Нашлась и номерная статья Кодекса закона о труде.

Текст приказа Владимир перечитывал несколько раз. Перечитывал до тех пор, пока не потерял смысла, скрытого за этими неумолимыми казенными словами.

В съемочную группу, где актеры собирались перед тем, как выехать на натуру или двинуться в павильоны, идти Владимиру было страшно. Там все станут спрашивать: что случилось? За что? Будут расспрашивать, жалеть… А Владимир чувствовал: вряд ли он найдет в себе силы спокойно рассказать друзьям о том, что неделю назад случилось в ресторане «Чайка».

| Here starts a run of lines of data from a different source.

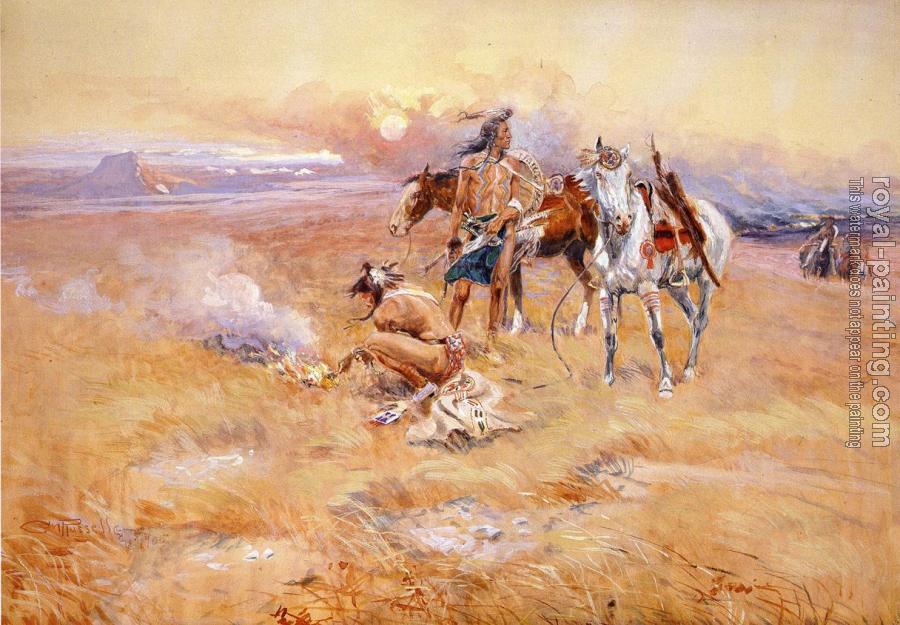 * Hand-painted Charles Marion Russell Oil Painting Reproduction : Blackfeet Burning Crow Buffalo Range
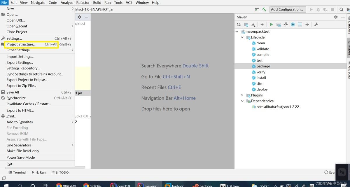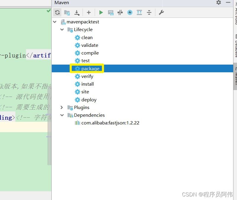 首先使用idea中自带的maven工具打包,idea的maven工具也能打大包和小包。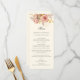 Menu de mariage élégant avec une aquarelle à motifs floraux avec roses roses roses roses roses au champagne. L'arrière du menu a une fausse couronne d'or de style moderne avec les initiales monogrammes du couple mariage. Veuillez noter que les détails dorés dans ce design sont des imitations gaufrées d'or, pas de feuille d'or.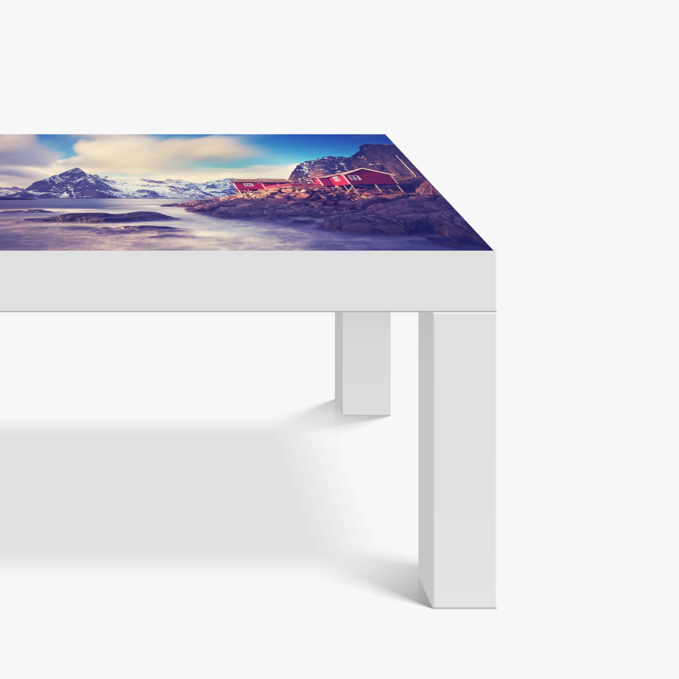 Tischaufkleber und Schreibtischaufkleber Küstengebirge mit roten hütten

Душили слезы обиды и беспомощности… Они подступали к горлу, он глотал их, стирал кулаком с глаз и, оглядываясь но сторонам, боялся, чтобы кто-нибудь не увидел его в эту минуту плачущим, раздавленным… Еще неделю назад Владимир ходил по коридорам киностудии гордо и чувствовал на себе взгляды, которые выражали восторг и веру в будущего киногероя. Другие работники студии завидовали ему и тщетно скрывали эту зависть. Третьи просто запоминали: какой он есть простой и хороший сейчас, в начале своей артистической карьеры, и каким станет через несколько лет, когда на удачника обрушится большая слава.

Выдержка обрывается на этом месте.